Z dedykacją dla spostrzegawczej Patrycji. ♥Przepraszam, że tak długo musiałaś czekać. Możesz mnie ochrzanić. Należy mi się, pozwalam. :(
Uprzejmie informuję, iż akcja tego opowiadania rozgrywa się w lutym i w okresie lipiec-październik b.r. Przyznaję się, puściłam wodze fantazji. Powiedzmy, że chłopacy mają trasę w pierwszej połowie roku. ;)
- To pa, kochanie - szepnął mi na ucho, tuląc mnie do siebie. Następnie delikatnie ucałował mój policzek.

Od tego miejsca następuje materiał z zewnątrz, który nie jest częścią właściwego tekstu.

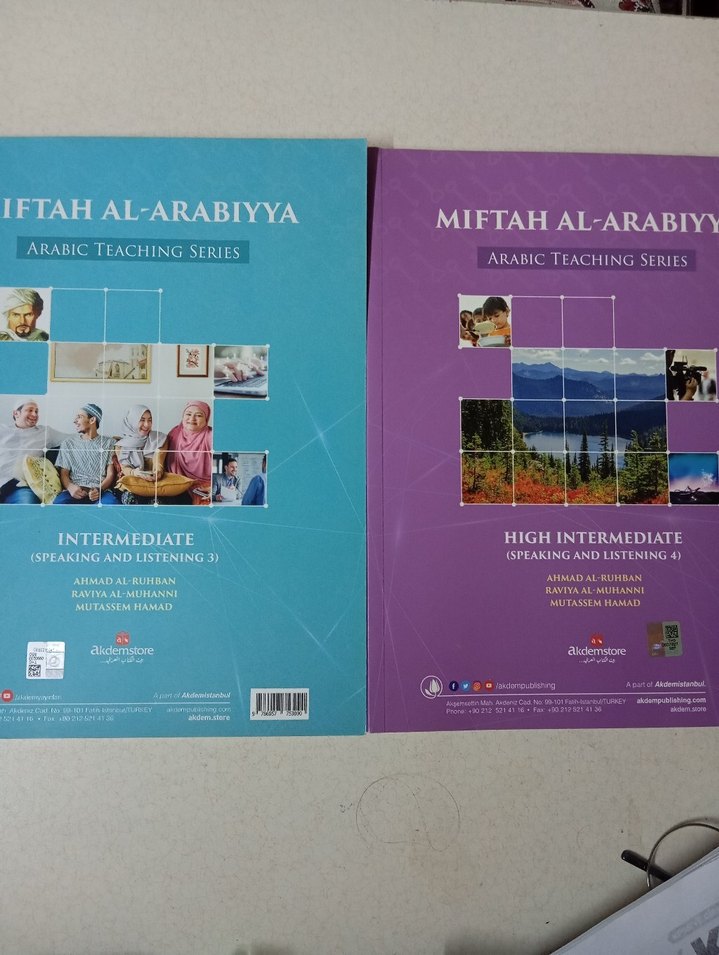 Orta ve üst-orta düzeyde konuşma ve dinleme becerilerine odaklanan iki Arapça öğretim kitabı seti. Hiç kullanılmadı temizdir.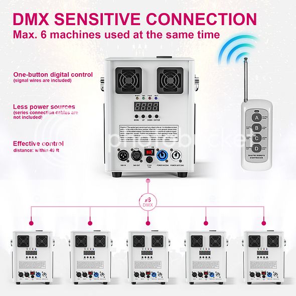 2. This high-quality special light machine DMX offers you 3 gear adjustable heights to achieve different lighting effects, creating a splendid romantic atmosphere. Of course, you can effortlessly change the heights with the digital controller.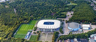 Der Name ist Programm: Das Volksparkstadion liegt mitten im Grünen – im Hamburger Volkspark. | Foto (Detail): © picture alliance/ZB/euroluftbild.de/Martin Elsen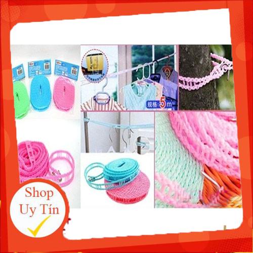 Hiện nay việc giặt quần áo không còn là nỗi cực nhọc của các bà nội trợ nữa vì đã có máy giặt, các loại bột giặt, tẩy với đủ thứ tính năng, đáp ứng hầu hết các yêu cầu giặt tẩy. Tuy có máy giặt nào, bột giặt nào thì người ta cũng vẫn phải phơi quần áo bằng tay như thời nguyên thủy vậy.Việc sử dụng dây phơi đồ là không thể bỏ qua rồi phải không nào, giúp các bạn giữ quần áo không bị xô lệch do gió và giúp đồ nhanh khô, luôn thơm tho và tránh được ẩm mốc. Chiếc dây phơi được thiết kế với chiều dài 5 mét, rất dễ dàng trong việc cài đặt cũng như sử dụng.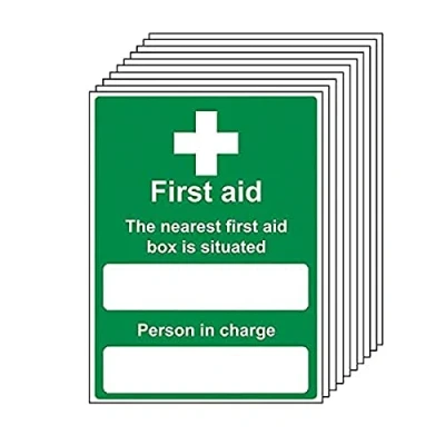 Helps to fulfil obligations to inform of where first aid supplies are kept as per First Aid At Work Regulations, as well as Health and Safety (Safety Signs & Signals) Regulations 1996 Conforms to EN ISO 7010:2012 Portrait Orientation. Sign reads "The Nearest First Aid Box Is Situated. Person In Charge" Highly durable Self Adhesive Vinyl material and screen printed message will stand the test of time Sign measures 150 x 200mm. Self Adhesive material will adhere securely to most surfaces

- Pa, kochanie. Pa - odparłam.
- Kocham cię. Baw się dobrze.
- Dziękuję. Ja ciebie też.
Odsunęliśmy się trochę od siebie i nasze wargi się spotkały na kilka sekund w czułym pocałunku.
- No dalej! - ponagliła nas Anna.
- Już, już - odparłam.
Delikatnie musnęłam jego wargi po raz ostatni i odsunęłam się od niego.
Chwyciłam swoje walizki i udałam się w stronę hali odlotów. Odwróciłam się po raz ostatni i pomachałam mu na pożegnanie.
* * *
Siedziałam z Anną w samolocie, starając się nie myśleć, na jakiej wysokości się teraz znajdujemy.- Ty to jesteś chyba w czepku urodzona - stwierdziła nagle.
- Słucham? - zaśmiałam się, bo rozbawiło mnie to stwierdzenie.
- No a nie? Masz cudownego chłopaka, kochających rodziców, zdolności językowe, inteligencję...
- Taa... Tylko urody brak... - westchnęłam, szczerze rozbawiona.
- Nie śmiej się!
- Jesteś zabawna, Anna. A tobie niby czego z tych rzeczy brakuje?
- Wszystkiego oprócz kochających rodziców.
- Nie pieprz głupot. To, że mam Roberta nie oznacza wcale, że jestem w czymś od ciebie lepsza. Pamiętasz ten felieton, który ostatnio czytałyśmy razem? "Nie lataj nisko tylko dlatego, że latasz solo".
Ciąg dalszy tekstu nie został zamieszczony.